So, TTL is discarded, and a fixed value of 1 hour is used.

enable-cache for hosts is somewhat rare, and a configuration error, since the
feature has never been fixed.





SUN JAVA (unconfirmed)

Summary: Java apps using the standard APIs keep DNS forever (like kerio)
Mitigation: unconfirmed
Workaround: Huh?
Fix: If you're lucky

http://ask.slashdot.org/article.pl?sid=05/04/18/198259 says ...

	The Sun JVM implementation implements it's own DNS caching for any name
	resolution done by the networking APIs. By default the TTL for cached
	entries is... FOREVER. Not only that, but they will cache NEGATIVE
	LOOKUPS, so that if your resolution fails the first time it will fail
	forever.

	The only solution is to restart your app (duh) or set the TTL as a
	system property on JVM startup.

	I personally spent a few minutes staring at the monitor in shock when I
	first found this behavior by debugging a problem all the way down to
	the Java API source. Boggles the mind. Everyone else I've read who've
	'discovered' this little known problem have had similar reactions.

	This is unrelated to the TTL issue discussed in the article, but I try
	to take every opportunity possible to scream 'WTF Sun!?!?'





MICROSOFT EXCHANGE 5.5

Summary: Ignores TTL
Mitigation: If the server's busy, it discards "older" DNS records too
Workaround: Hack the registry
Fix available: Yes (if you get a service pack)

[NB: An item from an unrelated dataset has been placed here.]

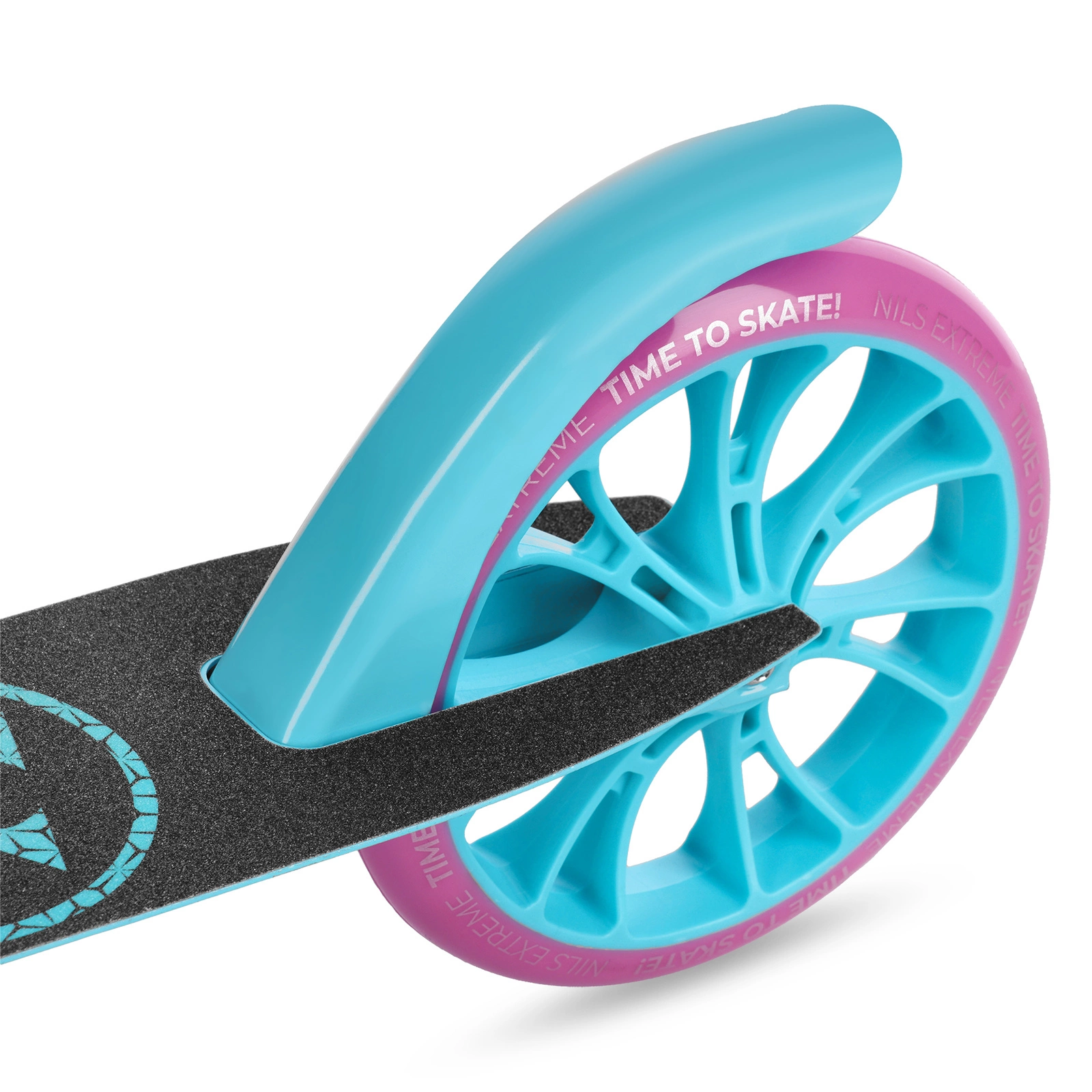Duże koła o średnicy 200 mm wykonane z wytrzymałego kauczuku, zapewniają doskonałą amortyzację i przyczepność na różnorodnych nawierzchniach – od asfaltu po brukowane chodniki. Łożyska ABEC-7 minimalizują opory toczenia, co przekłada się na płynność jazdy i większy komfort użytkowania.

	http://support.microsoft.com/default.aspx?scid=KB;en-us;285023&

	"In Exchange Server 5.5, the Internet Mail Service does not follow the
	Time to Live (TTL) value in Domain Name Service (DNS) records. When the
	Internet Mail Service queries DNS for connections, the Internet Mail
	Service caches up to 1,000 domains (by default), irrespective of the
	TTL for those records."

    ie. mail delivery to DDDNS from MS Exchange 5.5 may be erratic if the
    exchange server is mostly idle and the DDDNS IP changes frequently.  As
    usual for Microsoft's software, there is a special registry setting that
    enables the correct behaviour (while introducing other subtle bugs):
    HKEY_LOCAL_MACHINE\System\CurrentControlSet\Services\MSExchangeIMC\Parameters
    EnableTTL = 1